Bruce Nyland dropped the hot wire in disgust. He had been rewiring the massively old switching system outside of the high school for hours. He hadn’t realized that he had grabbed up a hot line. Someone must have picked it up inside of the school. It was hard, working on these old systems. It had been much harder after the phone company had fired him two years ago. They had actually said that he was “too dedicated.” Despite them, he was going to make the phone system work in this town or die trying. He looked around. No phone company trucks had driven by. He was still safe.

Susan Oltorf wondered why the man working at the big green box full of wires kept looking around. He must be scared of something. Susan was often scared. Ever since they had been after her. But she had learned that you must fight the fear. Fear is the mind-killer. She had read that once in a paperback book she had found with a picture of a great worm on the cover. Someone had left that on her corner on purpose. She had allies, and she must tell the man that he had allies too.

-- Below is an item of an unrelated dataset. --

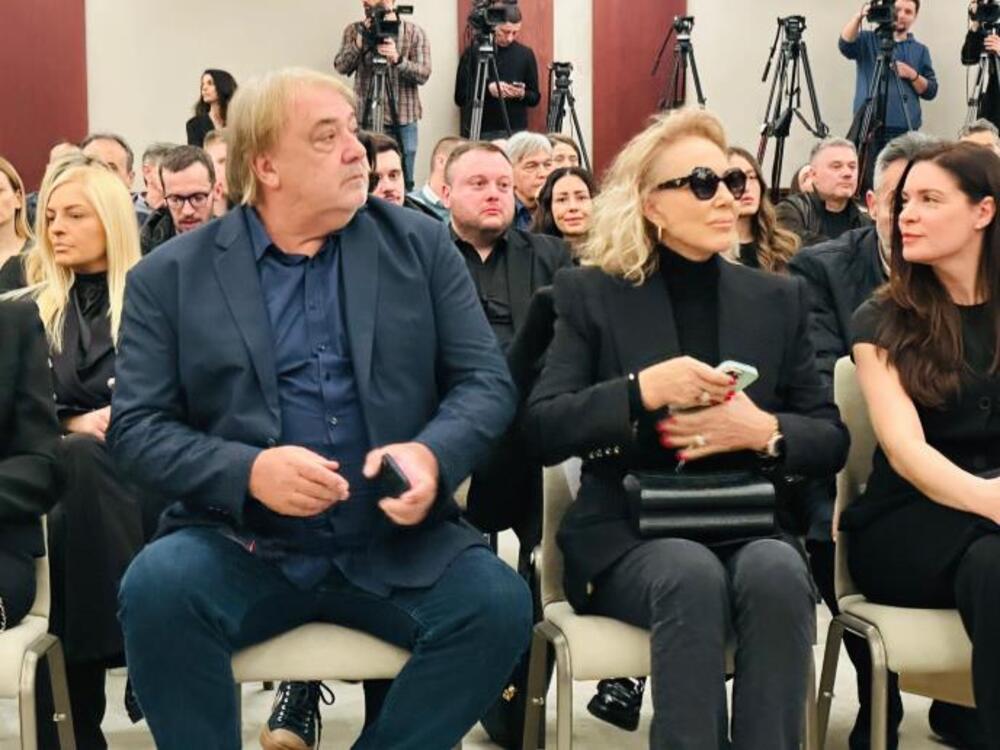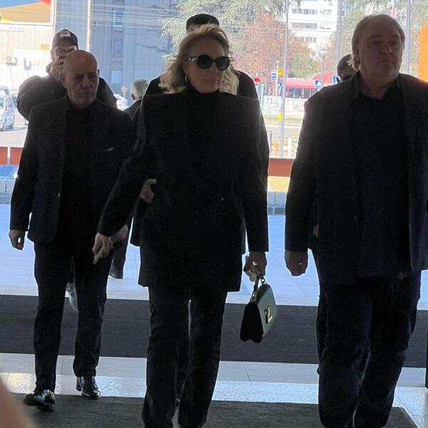 Pevačica zavijena u crno i vidno potrešena stigla je sa suprugom Bobom Živojinovićem i sinom Viktorom. Porodica Živojinović zauzela je svoje mesto u sali gde će zajedno sa porodicom Popović odati poslednju počast estradnom magu.

Stuart Pynchon almost hit the bag lady’s shopping cart as she pushed across the street. That was bad. Every day he wondered if he had killed someone. He would check the front of his car ten, maybe twenty times, a night. He never knew for sure if he had killed somebody. He would go to officer Ericksson’s apartment at least once a week and confess to having killed someone. Sometimes officer Ericksson would make a little movie of him confessing. He was scared of killing someone all the time. Stuart was shaking so bad that he was unable to brake as Ron Carroll’s VW bug plowed into his station wagon, followed by a white SUV followed by officer Ericksson’s patrol car. Ironically only Stuart died.

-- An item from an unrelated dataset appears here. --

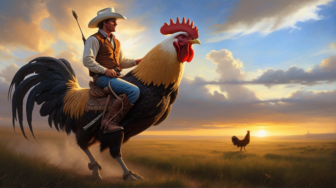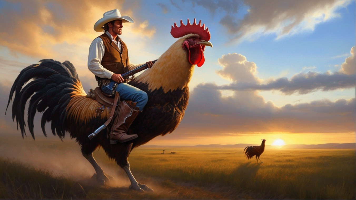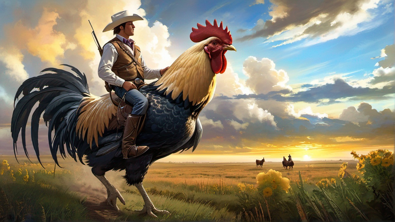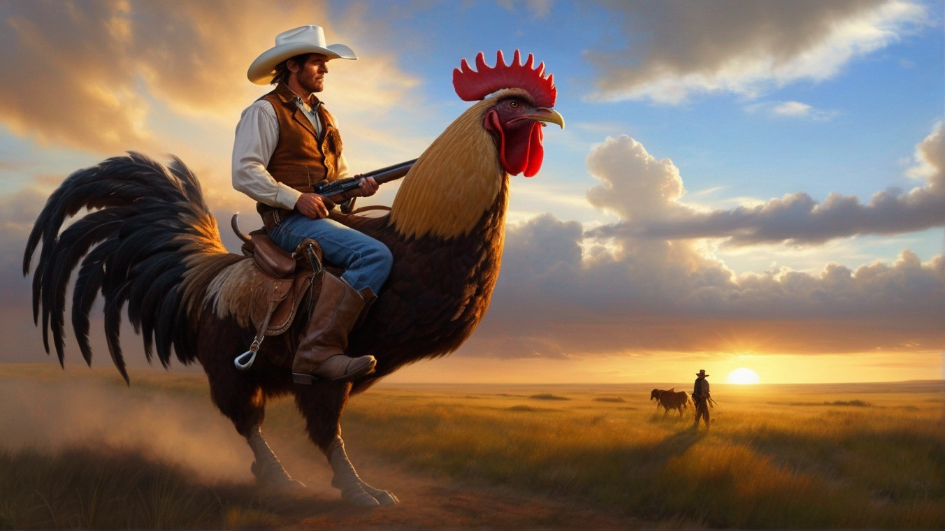 Cowboy Riding Giant Rooster at Sunset on Grassy Plain

Martha Quinlan swerved around the multi-car accident. She had to get to Bill Adams’s house. She had taken a nap after lunch — something she never did. And she dreamed. She dreamed that she was supposed to go to Bill Adams house and tell him about the “Seventeenth view of madness.” She didn’t know what that meant. But the dream had seemed very important. She would at least tell him the dream. Maybe he could use it in an article. As she turned onto his block, she saw his neighbor dressed in a bright orange housedress carrying a rifle, knocking on his door. Bill opened the door and the woman shot him in the head. Martha just drove on. She would never be able to tell Bill her dream.